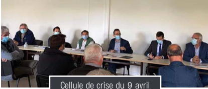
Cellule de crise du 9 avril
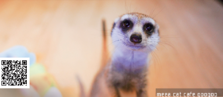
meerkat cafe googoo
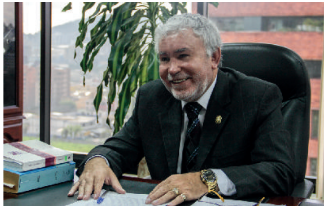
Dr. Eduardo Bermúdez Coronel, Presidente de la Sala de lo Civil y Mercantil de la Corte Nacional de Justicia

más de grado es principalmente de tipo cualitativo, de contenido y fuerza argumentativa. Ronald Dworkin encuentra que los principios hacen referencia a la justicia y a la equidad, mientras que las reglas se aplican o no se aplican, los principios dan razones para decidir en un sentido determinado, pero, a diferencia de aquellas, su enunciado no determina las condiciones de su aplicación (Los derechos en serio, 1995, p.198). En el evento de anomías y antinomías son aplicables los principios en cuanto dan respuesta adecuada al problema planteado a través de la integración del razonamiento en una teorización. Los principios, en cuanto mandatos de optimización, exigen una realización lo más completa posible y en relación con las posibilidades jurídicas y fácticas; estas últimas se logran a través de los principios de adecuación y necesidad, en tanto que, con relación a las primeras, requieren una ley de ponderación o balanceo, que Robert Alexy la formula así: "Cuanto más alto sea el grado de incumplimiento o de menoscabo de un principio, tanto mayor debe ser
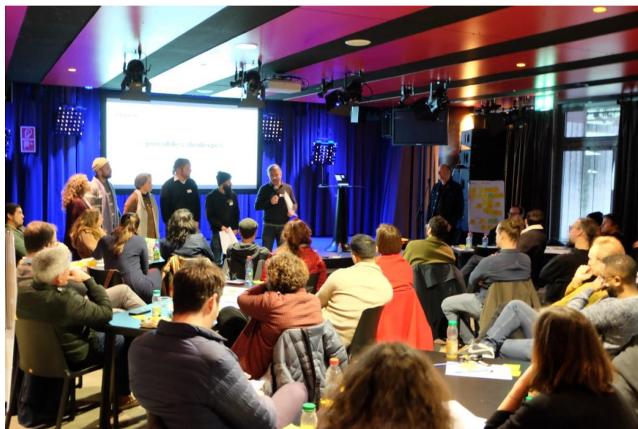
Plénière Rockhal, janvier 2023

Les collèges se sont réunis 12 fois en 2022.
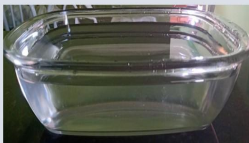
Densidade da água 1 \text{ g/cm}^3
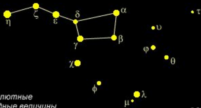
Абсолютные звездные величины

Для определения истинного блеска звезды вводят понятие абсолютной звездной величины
---
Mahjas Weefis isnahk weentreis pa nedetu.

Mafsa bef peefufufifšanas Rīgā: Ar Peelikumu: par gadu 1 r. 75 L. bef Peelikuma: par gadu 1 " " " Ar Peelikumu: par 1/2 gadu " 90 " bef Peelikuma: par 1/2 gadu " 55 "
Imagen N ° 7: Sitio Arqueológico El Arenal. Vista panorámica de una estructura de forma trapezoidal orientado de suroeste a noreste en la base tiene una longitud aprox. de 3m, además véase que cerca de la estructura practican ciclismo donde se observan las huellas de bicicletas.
---
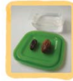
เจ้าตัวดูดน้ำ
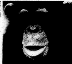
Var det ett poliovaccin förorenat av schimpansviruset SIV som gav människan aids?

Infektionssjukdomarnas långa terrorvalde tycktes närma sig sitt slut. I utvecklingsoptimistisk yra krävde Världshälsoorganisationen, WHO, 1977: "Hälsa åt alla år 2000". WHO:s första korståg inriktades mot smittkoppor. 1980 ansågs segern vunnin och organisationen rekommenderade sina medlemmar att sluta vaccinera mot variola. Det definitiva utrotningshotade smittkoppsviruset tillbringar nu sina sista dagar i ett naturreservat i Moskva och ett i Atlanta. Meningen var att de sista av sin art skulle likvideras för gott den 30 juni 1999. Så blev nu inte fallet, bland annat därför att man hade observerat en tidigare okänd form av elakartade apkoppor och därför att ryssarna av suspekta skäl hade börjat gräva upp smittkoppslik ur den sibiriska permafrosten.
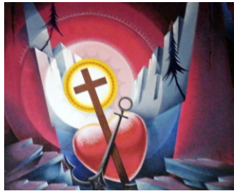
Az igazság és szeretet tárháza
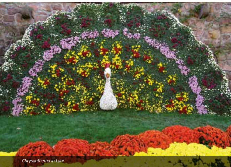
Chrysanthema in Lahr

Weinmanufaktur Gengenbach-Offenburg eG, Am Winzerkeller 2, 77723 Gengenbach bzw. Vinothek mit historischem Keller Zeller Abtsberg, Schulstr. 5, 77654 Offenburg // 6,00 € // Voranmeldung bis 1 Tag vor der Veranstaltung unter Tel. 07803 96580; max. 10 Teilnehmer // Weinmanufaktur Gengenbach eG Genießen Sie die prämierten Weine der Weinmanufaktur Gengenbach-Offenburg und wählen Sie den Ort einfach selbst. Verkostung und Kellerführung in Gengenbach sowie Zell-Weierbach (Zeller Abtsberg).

→ **WORK TO BE COMPLETED**: Within the entries above, the lines from the one containing "meerkat cafe googoo" through the one containing "Dr. Eduardo Bermúdez" are to be transcribed exactly, ends included, pictures excluded.

→ **RESULT OF THE EXERCISE**:
meerkat cafe googoo
Dr. Eduardo Bermúdez Coronel, Presidente de la Sala de lo Civil y Mercantil de la Corte Nacional de Justicia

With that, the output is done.